Nephite capital in the Book of Mormon

Zarahemla (/ˌzærəˈhɛmlə/) is a land in the Book of Mormon that for much of the narrative functions as the capital of the Nephites, their political and religious center. Zarahemla has been the namesake of multiple communities in the United States, has been alluded to in literature that references Mormonism, and has been portrayed in artwork depicting Book of Mormon content.

Most adherents of the Latter Day Saint movement regard the Book of Mormon as a translation of a genuinely historical text from the ancient Americas (a belief that mainstream academic archaeology does not corroborate). Some adherents have speculated about where Zarahemla would have been located or attempted to find archaeological evidence of it. Such attempts have been unsuccessful.

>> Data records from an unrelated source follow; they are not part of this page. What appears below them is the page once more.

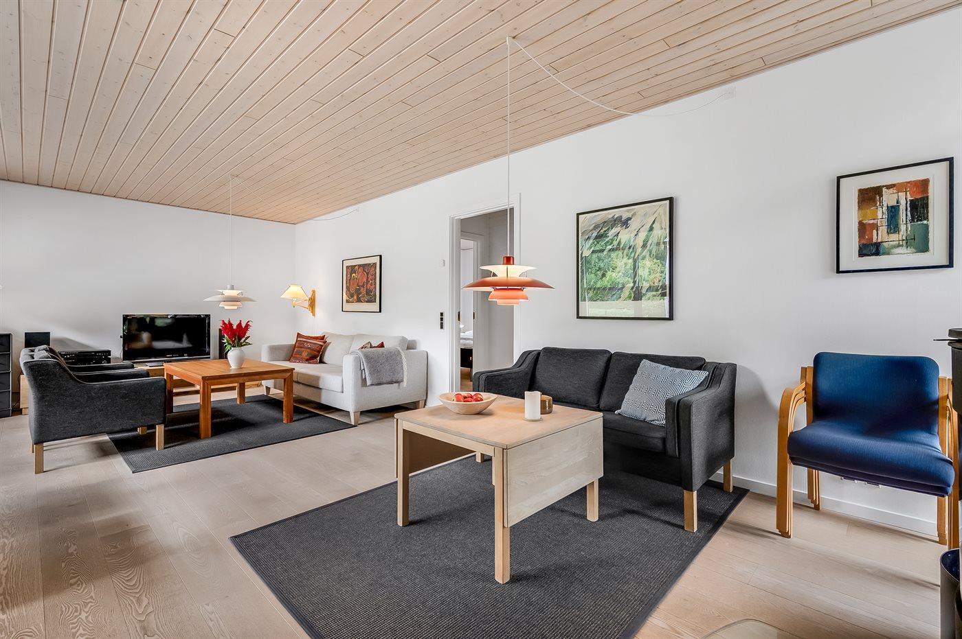 Huset er indrettet med 3 gode soveværelser med fuldstørrelse dobbeltsenge, fordelt på to afdelinger. Til begge afdelinger hører hver sit badeværelse. Der findes en dejlig stor stue og du har adgang til terrassen fra næsten alle rum i huset. Det veludstyrede køkken og spisestuen er kombineret og herfra er der også direkte forbindelse til den dejlige terrasse, som vender ud mod den velholdte og private have.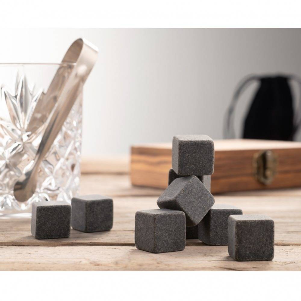 This ice stone set has 9pcs stones. They are ideal for drinking whiskey or beer or other drinks. Unlike ice cubes, they gently cool your drink without diluting them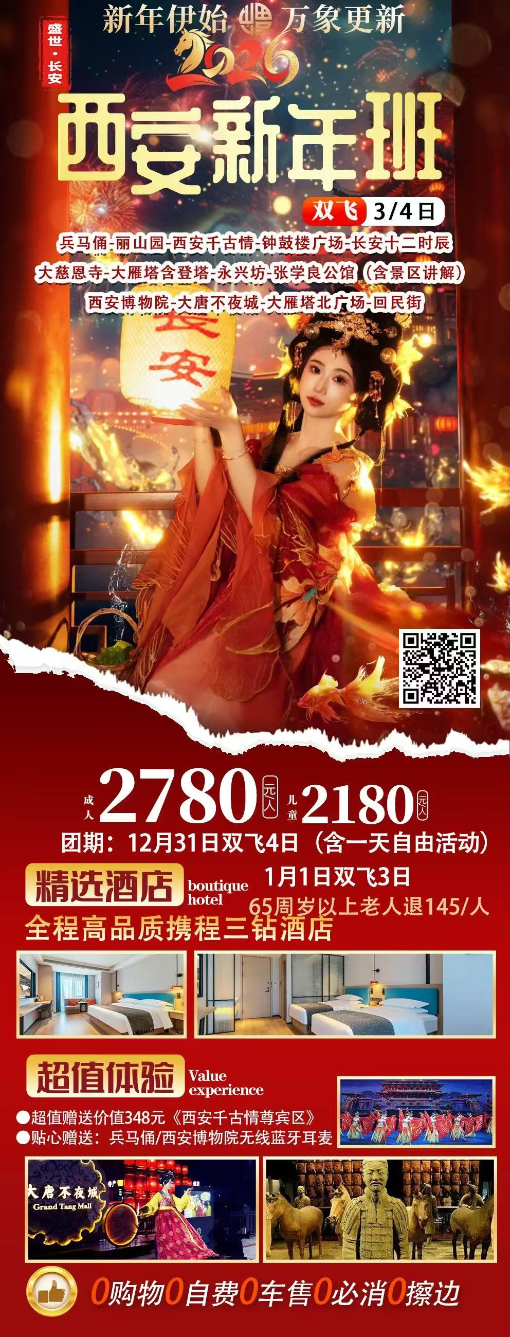 🎈西安博物院➕兵马俑➕丽山园➕西安千古情➕钟鼓楼广场➕长安十二时辰➕永兴坊➕大慈恩寺➕大雁塔登塔➕张学良公馆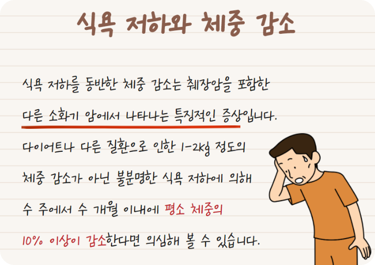 여기에 식욕 저하와 통증까지 겹치면서 음식 섭취 자체가 줄어들게 되죠. 3개월 동안 아무 이유 없이 체중의 5% 이상이 감소한다면 단순히 스트레스나 피로로 넘기지 말고 전문의 진찰을 받아보시는 게 좋아요.

Zarahemla is described as being near the mouth of a prominent river which the Book of Mormon calls the Sidon River and this river is described as flowing northward into the sea. The book further describes Zarahemla as being south of the Land of Bountiful and immediately south of a "narrow neck of land" that separates the southern land (which includes Zarahemla) from a northern land. Zarahemla is described as being north of the Land of Nephi and the Land of Nephi is described as being north of the Land of First Inheritance. Narrow "strips of wilderness" are described as surrounding Zarahemla on the west, east and south of the River Sidon. The Book of Mormon claims Zarahemla has significant ore deposits full of gold, silver, and copper.

== Background ==

The Book of Mormon, published in 1830, is one of the central scriptures of Mormonism, also called the Latter Day Saint movement. Founder Joseph Smith said that an angel of the Christian God directed him to uncover metal plates inscribed with the history of a Christian people in the ancient Americas and that by miraculous means he translated them, producing the Book of Mormon. Most in the Latter Day Saint movement regard the Book of Mormon as being genuinely ancient and historical. Mainstream academic archaeology considers Book of Mormon historicity implausible and unproven.

== Setting ==
In the Book of Mormon, the "land of Zarahemla" is populated by the "people of Zarahemla", so called for Zarahemla, their ruler at the time of the Nephites' encounter with them. (Note: Readers have often called this people the "Mulekites", after the name of Zarahemla's ancestor, though the term is not original to the Book of Mormon.) Zarahemla is identified as a descendant of Mulek, who according to the Book of Mormon is a son of the biblical king Zedekiah. (Note: Mulek himself is an extrabiblical figure.) 350 years earlier, around the same time as the Nephites' ancestor Lehi's flight from Jerusalem, Mulek had led a group from Jerusalem, guided by God, to the same new continent as the Nephites.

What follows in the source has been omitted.